Once you get inside the 104,000-square-foot structure, called George Pearl Hall, you start to appreciate how inventive and engaging it is. The two ends support a system of giant trusses, 90 feet long, that lift the four-story-high, glass-walled middle of the building above the courtyard below. Carrying the weight of the building on the trusses allows for wide-open spaces within: The second level is a vast studio space for undergraduate architecture students, the third level is a mezzanine with studios for graduate students, and the fourth level is a fine-arts library. The second and third levels overlook a broad main-level corridor — known as the bridge, because it crosses above the courtyard — that has rotating wall panels on which projects can be displayed. The school uses the corridor for critiques, so that students’ projects are discussed in a public setting, with passersby looking on and maybe stopping to listen in.
The sunken courtyard.
In fact, the building is a kind of monument to openness. You can see it in the way the concrete walls on the main facade pull apart to reveal the glass within, and in the way the staircase and elevator lobbies at the west end of the building overlook both its gallery space and the Frontier Restaurant across the street. On the campus side, another glass wall shows off the truss system. Roger L. Schluntz, the dean of architecture and planning, says the aim of the design was to let everyone see what everyone else is doing — and he says the quality of students’ work has improved markedly since the school moved in.
The building’s details are also entertaining. Many of the structural and mechanical systems were left visible and function as ornament. A giant air-handling duct runs along the library ceiling, for instance, and glass panels beside the elevator doors let users watch the cabs rise and fall. An almost-all-red men’s room on the lower level is a standout, just because it’s fun.
The building was a long time in the making. Mr. Predock’s firm was selected in a 2000 competition, but assembling the necessary funds to start construction took some time — classes didn’t move to the building until early this year. Clearly the result justifies the wait. —Lawrence Biemiller
George Pearl Hall from the southwest. It was intended, in part, to give the university a new presence on Central Avenue.
The building from the southeast. Pedestrians can walk around it or through it.
The upper level of a parking structure behind the building affords a good view of the massive trusses that carry its middle section over its sunken courtyard.
A large, undisguised air-handling duct hangs below the ceiling of the top-floor library.
The truss system is very much in evidence in the third-level graduate-student studios.
A stairwell leads down from the graduate-student studios to the undergraduate studios.
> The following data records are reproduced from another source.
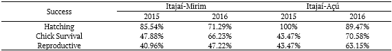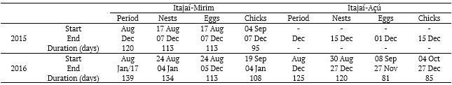 Considering the numbers discussed above, as well as lost eggs and reused nests here in this study, variations between rivers indicate a better situation in the IM than in the IA for the second season. The differences in the number of lost eggs for the IM between the two seasons also point to a better condition for the population in 2016. This circumstance may indicate the participation of new reproductive individuals from the season before or coming from other populations in the region, as the colony increased between years (Branco, 2003; Efe, 2004). Also, the rivers may be influenced by different aspects in their proximity, with possibly lower negative impacts in the second year. Availability of food resources and vegetation for nest installation, and the influence of predation, floods, and anthropic impacts need to be better assessed in the future through monitoring these and other breeding populations (Branco, 2003; Kushlan & Hancock, 2005; Kelly, Stralberg, Etienne & McCaustland, 2008). For example, the small number of nests in the IA may be related to disturbances caused by port undertakings carried out in the region during the period, which can increase the daily pressure on the area (Schettini, 2002, 2008).
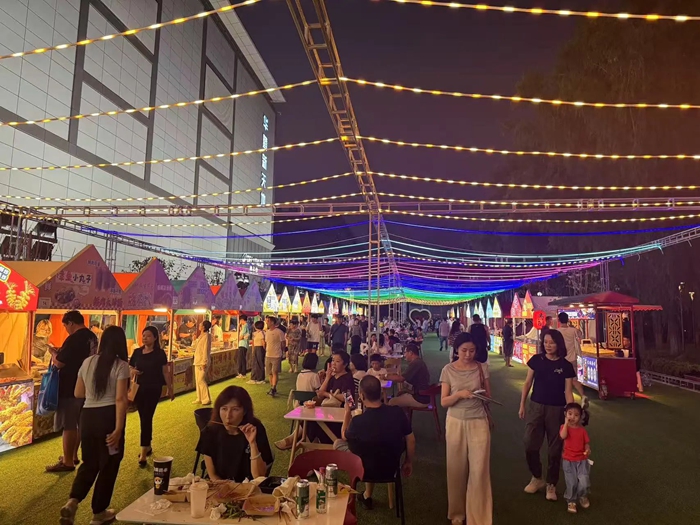 自夜市開(kāi)啟以來(lái),經(jīng)濟(jì)效益持續(xù)向好。華騰新天地商場(chǎng)客流量同比大幅增長(zhǎng),親子家庭消費(fèi)占比超過(guò) 60%。夜市中的市集匯聚了美食、潮玩等幾十家商戶,周末更有精彩的節(jié)目演出,現(xiàn)場(chǎng)人氣高漲,成為勁松地區(qū)打卡的熱門(mén)地標(biāo)。
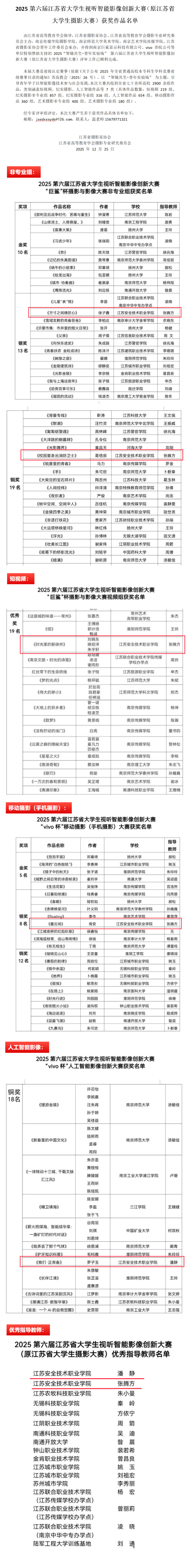 江苏省大学生视听智能影像大赛由原江苏省大学生摄影大赛升级而来,由江苏省高等教育学会指导,江苏省摄影家协会、江苏省高等教育学会摄影专业研究委员会主办,是省级认定赛事。本届大赛以“智镜共生·青年实验场”为主题,引导青年学生以智能影像技术参与社会实践,全省共有70余所高校参赛,2900余组作品参评。我校参赛学生以光为媒,巧妙运用光影,用镜头记录生活点滴,展现学校特色发展成果。本届比赛全赛道均斩获奖项,实现奖项等级和数量跃升,是继第四届大赛张申同学获得优秀奖、第五届大赛胥安同学获得铜奖后的新突破,充分展示了学校扎实做好校园文化和网络思政工作的新成绩。
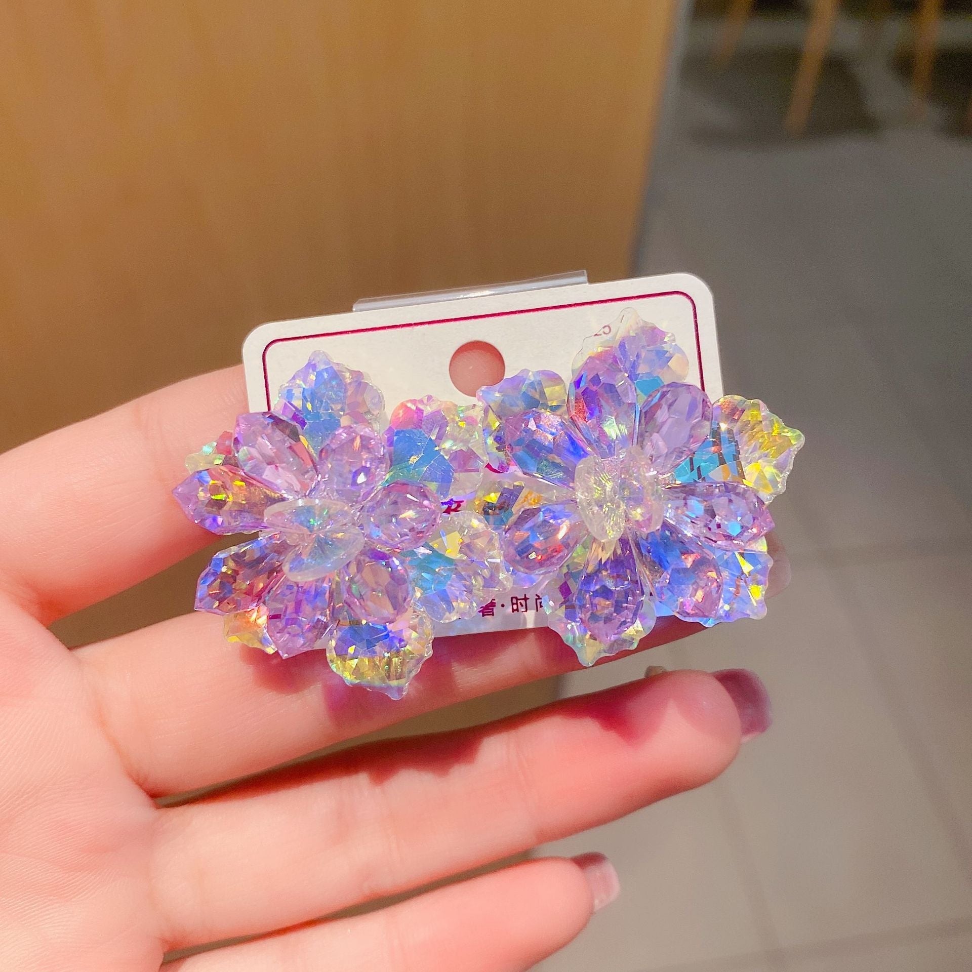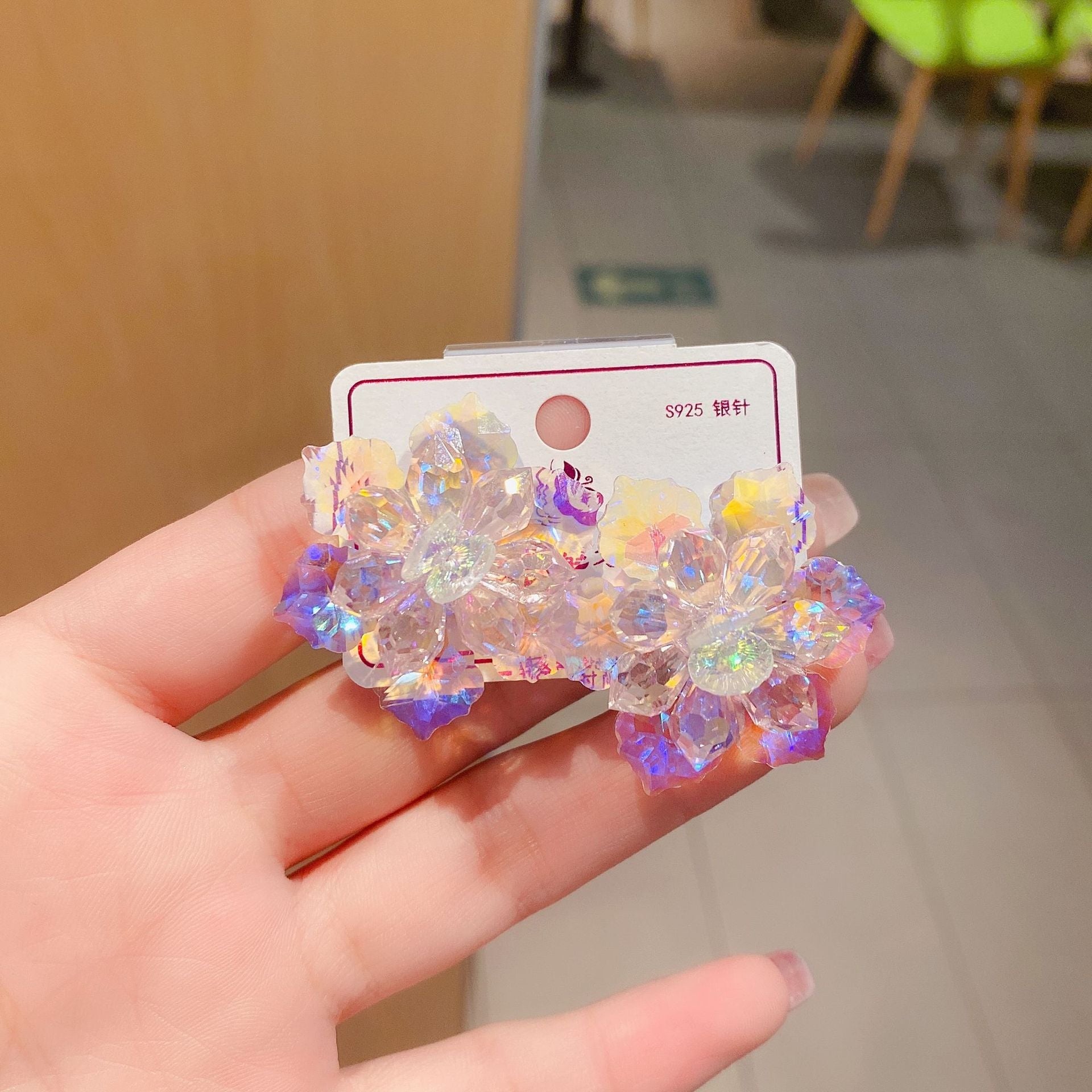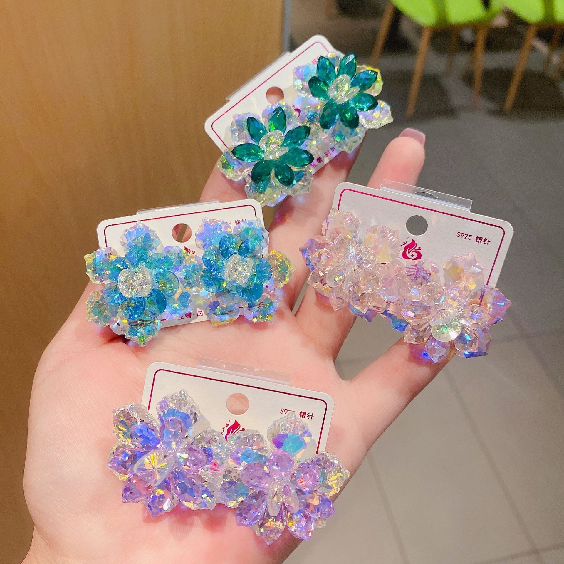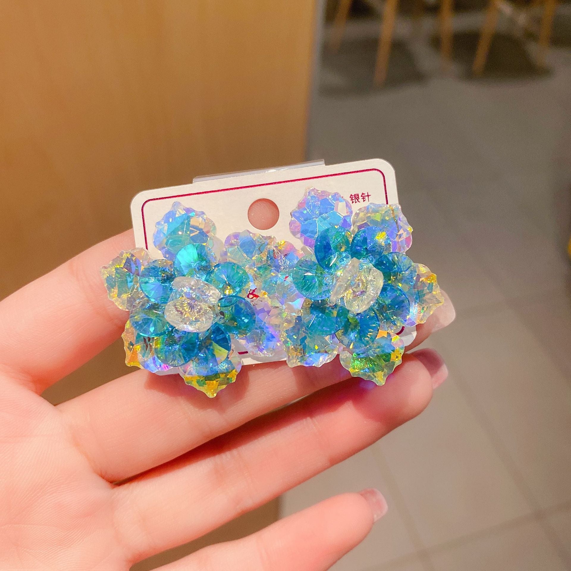 1 Pair Elegant Flower Crystal Women's Statement Earrings
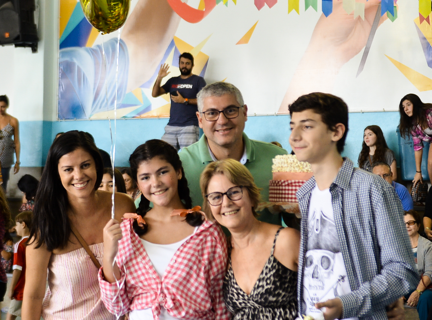 Os pais da aluna Giovana Tilhe do 8º ano, aproveitaram a festa para lançar um “parabéns pra você” para a filha que completava 13 anos. Frequentadores assíduos do nosso Arraiá, contam com alegria: “Participamos do Arraiá desde que a Giovana entrou no colégio, no maternal. Acho o maior barato porque tem muita coisa boa na festa: todos brincam, confraternizam… é sempre muito bom”.

Two levels down is the corridor known as the bridge.
The bridge functions as an ordinary corridor, letting pedestrians pass through the building.
Students can also tack their projects up on rotating wall panels on the bridge, and classmates can gather for critiques.
On the west side of the building, elevator and stair landings overlook a gallery.
From the uppermost landings, you can see the Route 66 streetscape and, on the right, an outdoor classroom.
A red men’s room.
Currently on display on the lower level are students’ collages of the building.